To się działo na scenie! Beata Kozidrak oddała hołd Kołaczkowskiej i Sojce. Łzy same napływały do oczu
Po dziewięciomiesięcznej przerwie Beata Kozidrak wróciła na scenę w wielkim stylu. Podczas swojego pierwszego koncertu od czasu powrotu, artystka wzruszająco wspomniała ostatnio zmarłych: Joannę Kołaczkowską i Stanisława Sojkę. Moment ten poruszył do głębi – i publiczność, i samą artystkę.

W czasie koncertu odbywającego się w ramach Dni Pszczyny, Kozidrak zatrzymała występ, by oddać hołd dwóm artystom: „Kochajcie artystów, bo szybko odchodzą” – zwróciła się do publiczności, podkreślając kruchość życia artystycznego.
Miejsce powrotu – gdzie występowała Beata Kozidrak?
Koncert odbył się 24 sierpnia 2025 roku podczas Dni Pszczyny. Był to pierwszy pełny występ Beaty Kozidrak po niemal dziewięciu miesiącach przerwy spowodowanej chorobą.
Pod koniec 2024 roku wokalistka zmuszona była przerwać karierę z powodu poważnych problemów zdrowotnych, które uniemożliwiły jej występy i kontakt z publicznością. Po długim leczeniu i rehabilitacji wróciła, by podzielić się z fanami swoją siłą i nadzieją.
- ZOBACZ TEŻ: Widział w niej swoją następczynię, nie krył dumy. Legendę muzyki łączyła z wnuczką wyjątkowa więź

Hołd pełen emocji – słowa Beaty o Kołaczkowskiej i Sojce
Z serca sceny Beata Kozidrak przypomniała publiczności o odejściu Joanny Kołaczkowskiej i Stanisława Sojki. "Chciałabym powiedzieć wam o dwóch przykrych sprawach, o dwóch pożegnaniach z tym światem. Myślę tutaj o Asi Kołaczkowskiej i o Stanisławie Soyce, którego znałam", oznajmiła smutnym tonem.
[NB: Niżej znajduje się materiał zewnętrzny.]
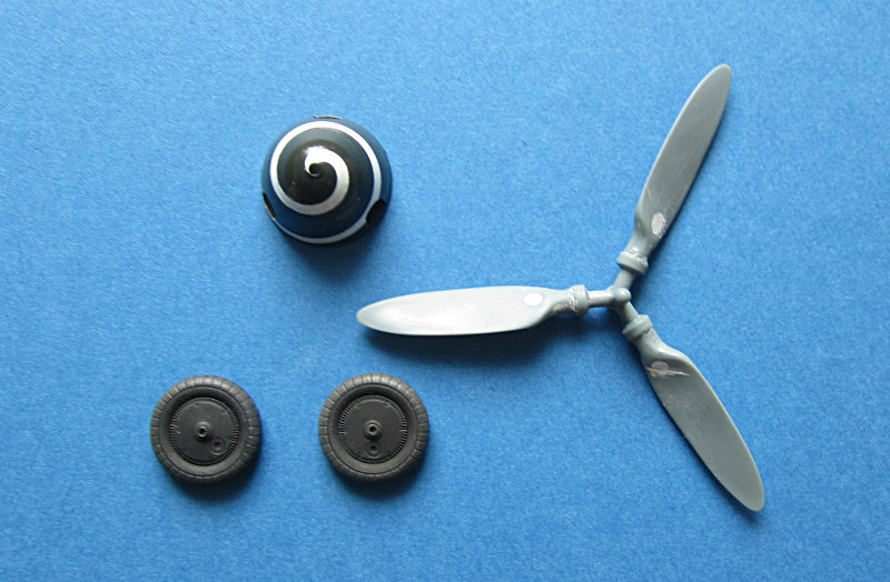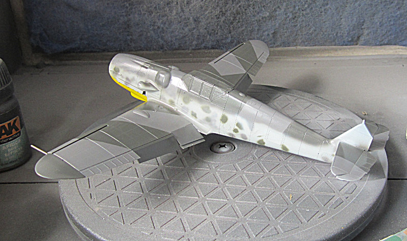 Mit den vielen Stencils gehts eher schleppend voran, insbesondere wen immer wieder Husten und Schnupfen dazwischenpfuschen. Zum Glück gibts auf dem Wartungsbogen ein paar Ersatzdecals. Die Spinnerspirale hat ganz gut geklappt. Dafür hatte ich die Grundplatte und den Spinner mit Maskol verklebt, und RLM 70 gespritzt. Leider hat der Propeller Sinkstellen, vermutlich weil die Spritzlinge preproduction shots sind. Deshalb dauerts etwas bis dieser Farbe bekommt. Die Räder habe ich nach Anleitung zusammengebaut und schwarz gespritzt. Vor dem Anbauen habe ich noch eine Standfläche hineingefeilt. Das zweite Bild zeigt den aktuellen Stand.

Wokalistka postanowiła zadedykować im piosenkę "Dwa serca, dwa smutki" z repertuaru Bajmu. "Nie zaśpiewam piosenek Soyki, bo wszyscy to robią, więc ja ofiaruję [...] "Dwa serca, dwa smutki". Specjalnie dla nich" — wyjaśniła fanom ze sceny.
Po czym dodała: "Kochajcie artystów, bo szybko odchodzą".
Koncert wzbudził ogromne emocje – widzowie długo nie mogli powstrzymać łez, śpiewali razem z nią i podążali za każdą nutą, unosząc w górę zapalone latarki w telefonach jako symbol hołdu dla zmarłych. To był moment wspólnego przeżywania, wspólnego hołdu dla sztuki i pamięci.